Wo wir gerade bei der Musik sind, ist da natürlich der Chor, der mittwochs durch die Schule schallt. Spätestens wenn die Schüler das Lied „Color Esperanza“ anstimmen, hören alle dem Chor und nicht mehr dem Lehrer zu.

 

Dann sind da noch die Ohrwürmer, die ich den ganzen Tag mit mir herumtrage, da der Schulgong manuell ist und oft durch Musik ersetzt wird. So ertönen zum Stundenende Train, Lieder aus Chocolat, Michael Buble und viele andere Lieder, während ein paar Schüler im Takt wippen oder anfangen  mitzusingen.

 

Sehr eindrucksvoll war auch der Friedensmarsch, der zum Anlass des Tages der Liebe und Freundschaft stattgefunden hat.

Zunächst wurden die bösen Herzen symbolisch auf dem Schulhof verbrannt, es wurde applaudiert für Frieden, Liebe und Freundschaft und den Kindern wurden neue rote Herzen auf die weißen T-Shirts geklebt.
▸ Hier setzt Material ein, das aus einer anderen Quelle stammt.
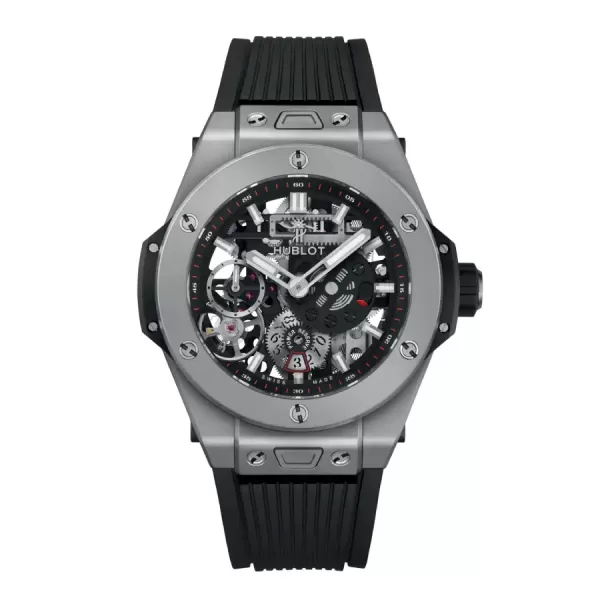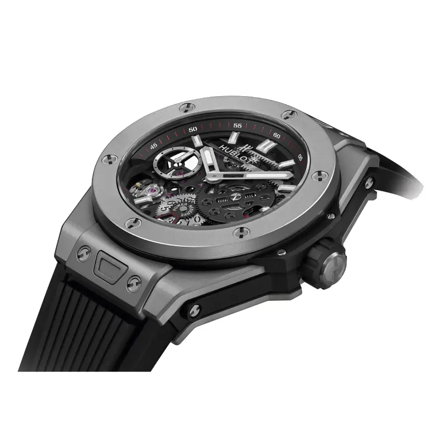 The 45 mm case is crafted in a titanium-style finish on premium materials, reflecting the lightweight yet robust character of the original MECA-10 design. Sapphire crystal on both the front and caseback provides exceptional clarity while showcasing the intricate skeletonized movement. The black rubber strap ensures superior comfort, durability, and modern sport-luxury appeal.

Mit Transparenten, weißen Luftballons und Fahnen ging es dann um die Schule. Die Großen mit den Kleinen an der Hand.

Geplant war zwar während des Marsches zu schweigen, was nicht ganz so umgesetzt wurde, aber es hat trotzdem bei mir die Erkenntnis geweckt, dass Frieden in Kolumbien eine andere Bedeutung hat als in Deutschland.